In the records below, find the line that contains "Также достаточно популярной". Retype that line and all the lines after it through the end, leaving out the pictures.

━━━━━ Supplied material

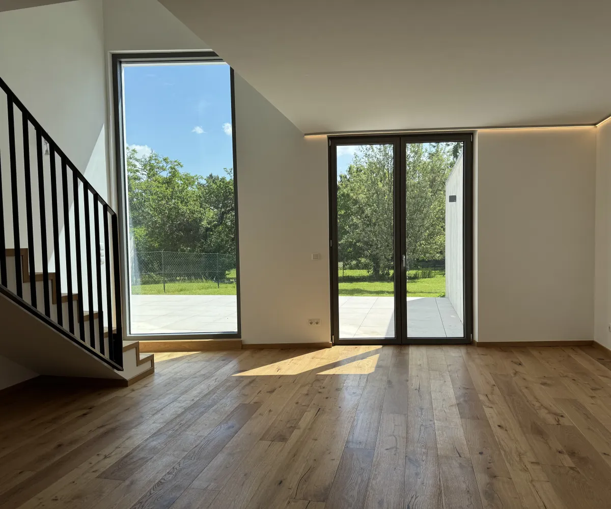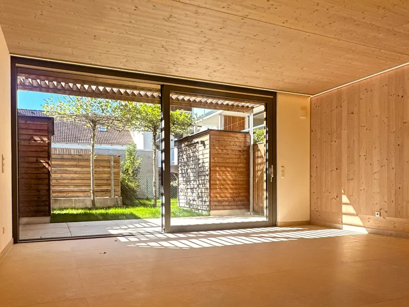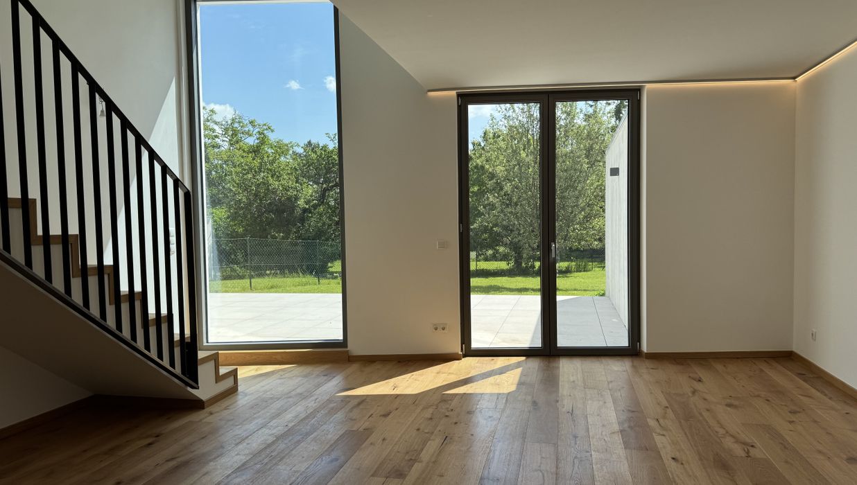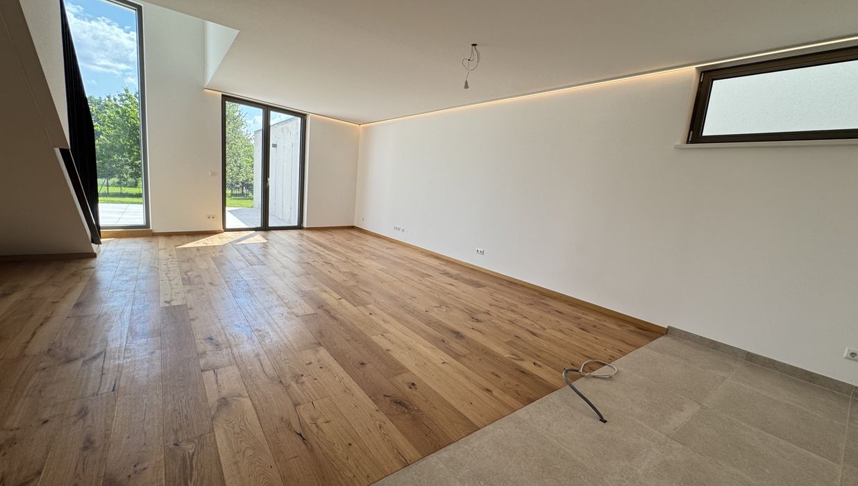 Der offene Wohn- und Essbereich bildet das Zentrum der Maisonette und bietet direkten Zugang zur Terrasse und zum privaten Garten. Über die interne Treppe gelangen Sie in die obere Ebene, die zusätzliche Zimmer für Schlafzimmer, Kinderzimmer oder Homeoffice bereitstellt. Große Fensterflächen sorgen für viel Tageslicht und ein freundliches Wohnambiente.
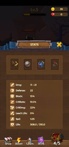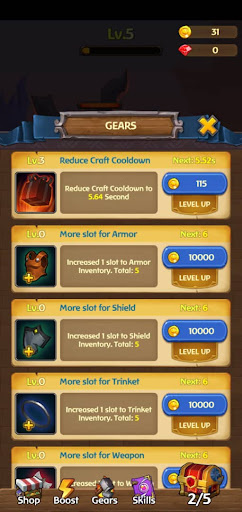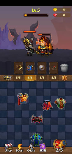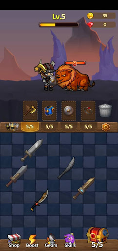 Combine and upgrade weapons for attack and shields to reflect enemy blows. While your RPG hero keeps fighting for you, you can improve his stuff to increase the chances of success.
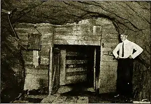 THE DOORWAY LEADING INTO THE DYNAMITE MAGAZINE. pound of dynamite? But here is the difference, gasolene combustion is comparatively slow, while the chief value of dynamite is the suddenness of its explosion. It is chiefly that first explosion wave that we must guard against, and so we make it dash itself against the rock walls until it is pretty well spent. This door here” (we had come to the end of the passageway by this time), “is made to stand twice the pressure that we estimate it will be subjected to. See, it is built of heavy steel I-beams, with oak timbers twelve inches square between them; and then the door-way is set in an enormous mass of concrete, Oh, no, it could not possibly give way.”
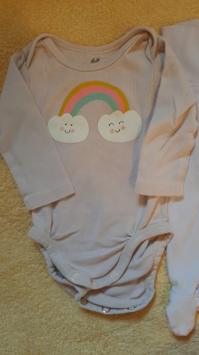V kompletu prodam izredno mehko in toplo jopico s kapuco, bodi, majčko in dvoje hlačke s stopali za deklico.
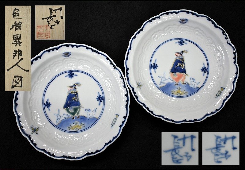 石川県能美市のお客様に出張買取にてご依頼頂き、九谷焼 妙泉陶房 山本長左 色絵異邦人図 浅鉢 一対を買取りさせて頂きました。
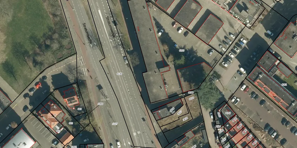 Stratumsedijk 91-B is gelegen op kadastraal perceel STM00D6203. Deze kadastrale aanduiding is uniek en wordt gebruikt door het Kadaster om eigendomsrechten en andere zakelijke rechten vast te leggen. Het perceel maakt onderdeel uit van de kadastrale gemeente Stratum.
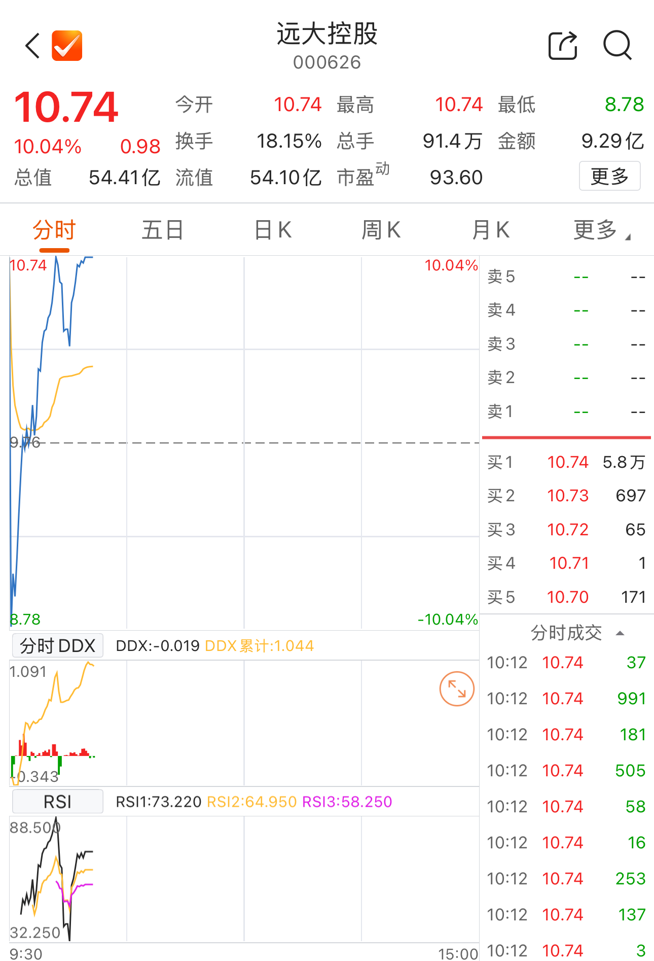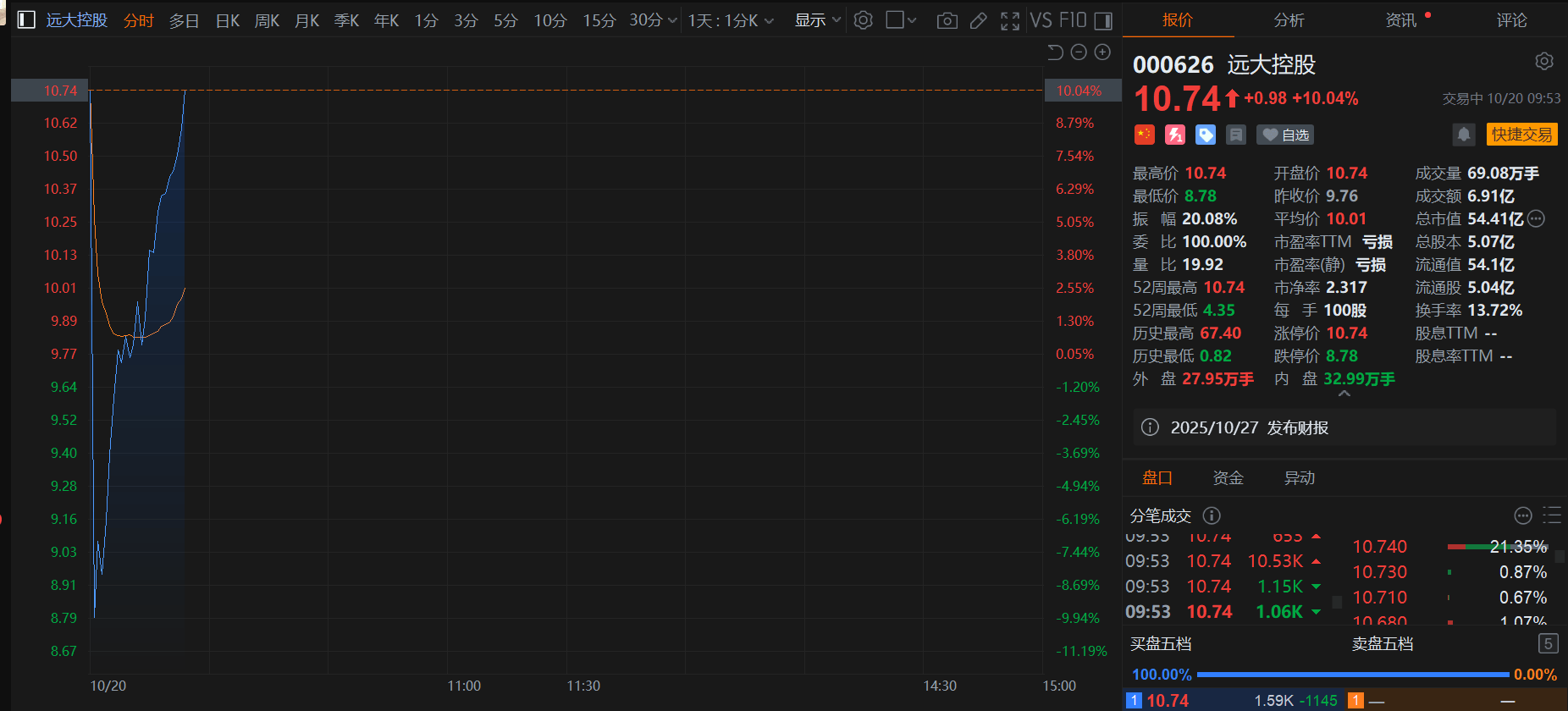 远大控股盘中大幅波动,上演“天地天板”,现报10.74元,成交额6.15亿元
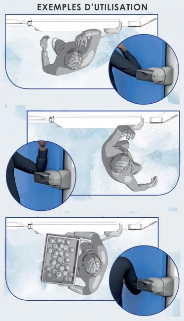 • Manoeuvrable avec le coude en mains libres
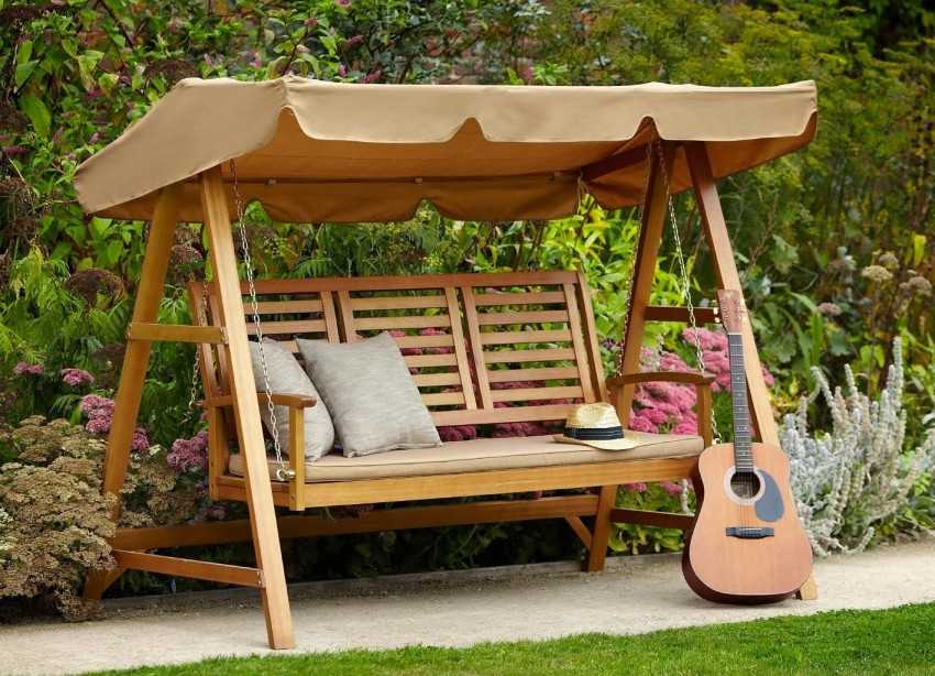 Также достаточно популярной является деревянная мебель сделанная из поддонов. Такую конструкции очень просто сбить, покрасить и пропитать. Подушки также можно пошить самостоятельно или купить в магазине садовых аксессуаров.
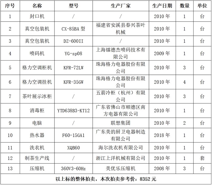 一、拍賣標的:制茶生產(chǎn)線、壓縮機等報廢生產(chǎn)設備及空調等廢舊物資一批,打包拍賣,參考價:8352元,競買保證金:3000元。
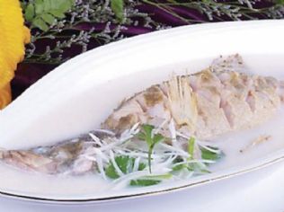 [做法] 黄鱼洗净后剞成花刀纹备用,葱、姜洗净切丝。油锅烧热,鱼下锅两面煎至见黄,捞出淋干油;锅内放少量油,热后,将胡椒粉、姜丝入锅略加煸炒,随即加入鲜汤、酒、盐、鱼,烧至鱼熟,捞起放入深盘内,散上葱丝、香菜;锅内汤汁烧开加入白醋、味精、麻油搅匀倒入鱼盘内即可。

━━━━━━━━━━

_Your solution_:
 Также достаточно популярной является деревянная мебель сделанная из поддонов. Такую конструкции очень просто сбить, покрасить и пропитать. Подушки также можно пошить самостоятельно или купить в магазине садовых аксессуаров.
 一、拍賣標的:制茶生產(chǎn)線、壓縮機等報廢生產(chǎn)設備及空調等廢舊物資一批,打包拍賣,參考價:8352元,競買保證金:3000元。
 [做法] 黄鱼洗净后剞成花刀纹备用,葱、姜洗净切丝。油锅烧热,鱼下锅两面煎至见黄,捞出淋干油;锅内放少量油,热后,将胡椒粉、姜丝入锅略加煸炒,随即加入鲜汤、酒、盐、鱼,烧至鱼熟,捞起放入深盘内,散上葱丝、香菜;锅内汤汁烧开加入白醋、味精、麻油搅匀倒入鱼盘内即可。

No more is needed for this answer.